DHS reports that an average of 3,700 migrants a day still are either crossing the border illegally between ports of entry or arriving at a port without a scheduled appointment, or about 114,700 encounters a month. Migrants who arrive at a port without proper documentation to enter the country are labeled as an “inadmissible,” not an illegal entry, Morgan said.

Adding the number of migrants with scheduled appointments via CBP One to the daily average of migrants crossing illegally or presenting at a port of entry without an appointment, the monthly average becomes 147,870—about triple the monthly average at the start of 2020.

This monthly number approaching 150,000 aliens doesn’t include migrants from Cuba, Haiti, Nicaragua, and Venezuela who are being processed into America through Biden’s parole process.

In the three weeks following the end of Title 42, an “additional 23,000 vetted and sponsored Cuban, Haitian, Nicaraguan, and Venezuelan nationals arrived in the United States” through the Biden administration’s parole process, according to DHS.  

In addition, U.S. Citizenship and Immigration Services has conducted “11,500 credible fear interviews” since May 12, DHS reports. “Credible fear” refers to an illegal immigrant’s fear of persecution or torture if he returns to his home country. It isn’t clear how many of these migrants have been released into the United States.

“From May 12 to June 2, DHS repatriated over 38,400 noncitizens under Title 8 authorities, including single adults and families, to more than 80 countries,” according to DHS. In that same 21-day period, using DHS averages, an additional 61,700 migrants arrived on a U.S. border, either at a port of entry or between a port.  

‘Lawful Pathways’

DHS says it continues to conduct interviews with thousands of illegal aliens to assess their asylum claims “under the new Circumvention of Lawful Pathways regulation,” which requires migrants to seek asylum first in a safe, third-party country before reaching the U.S.

But Heritage’s Morgan says the exceptions to Biden’s “Lawful Pathways” rule are many.

“If you’re an unaccompanied minor or family right now, you are not being turned [away], no matter if you entered through a hundred safe, third-transit countries, it doesn’t matter,” Morgan said. “You’re still being released, even if you illegally enter.”  
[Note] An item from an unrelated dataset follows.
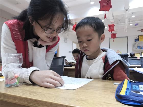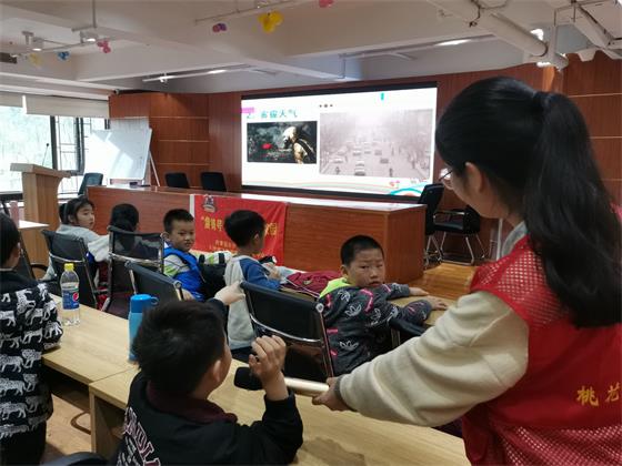 首先,志愿者曾惠倩展示演示文稿并播放短视频,详细讲解《八十天环游世界》相关内容。随后,志愿者尹浣青带来《两型环保之变废为宝》主题课堂。通过尹浣青的讲解,孩子们了解到各类环境污染问题。在观看有关环境污染与废品利用的视频之后,师生之间进行互动问答,孩子们由此加深了对两型环保的认识,并知道了保护环境的重要性和必要性。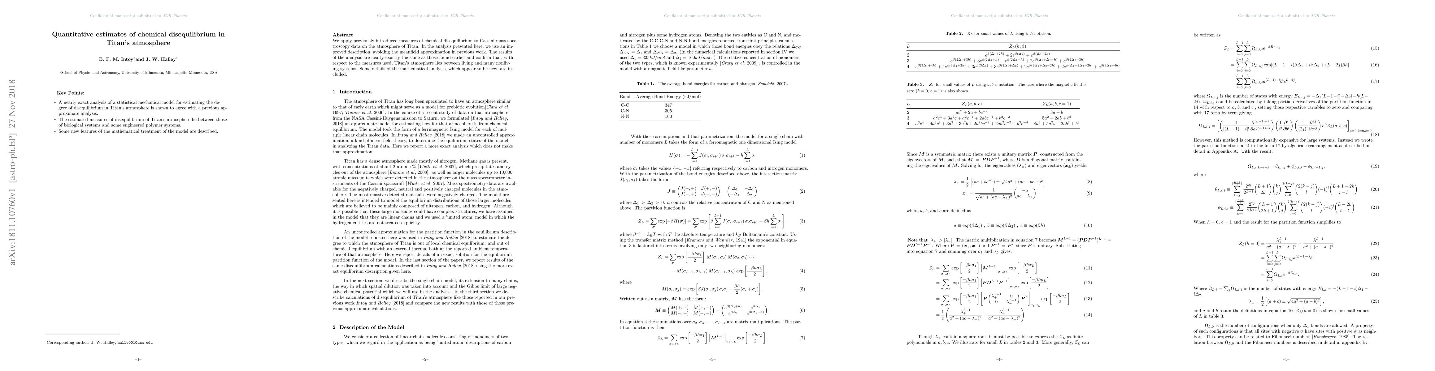 This study refines measures of chemical disequilibrium in Titan's atmosphere using improved analysis techniques, confirming earlier findings that Titan's atmosphere exhibits disequilibrium levels similar to living systems. New mathematical details enhance the analysis.

Single adults who fail to claim asylum in a safe, third-party country before entering the U.S. are supposed to be barred from America for five years under the Title 8 policy. But, Morgan said, if those individuals voluntarily “go back to Mexico, hook up with an NGO [nongovernmental organization], fill out the CBP One application, then go to a port of entry, [they will] be released in the United States.”  

Under the Biden administration, Morgan said, “it doesn’t matter if you illegally enter in between the ports of entry, or you walk up to a port of entry, and you’re otherwise inadmissible [lacking a visa, passport, or other legal document for entry]—if you claim asylum, under this administration, you are processed and released in the United States.”  

When border encounters began to rise during the previous administration, Morgan said, then-President Donald Trump declared a national emergency and implemented the “Remain in Mexico” policy.

The way to solve the border crisis, Morgan said, is to “stop releasing” illegal aliens into the country.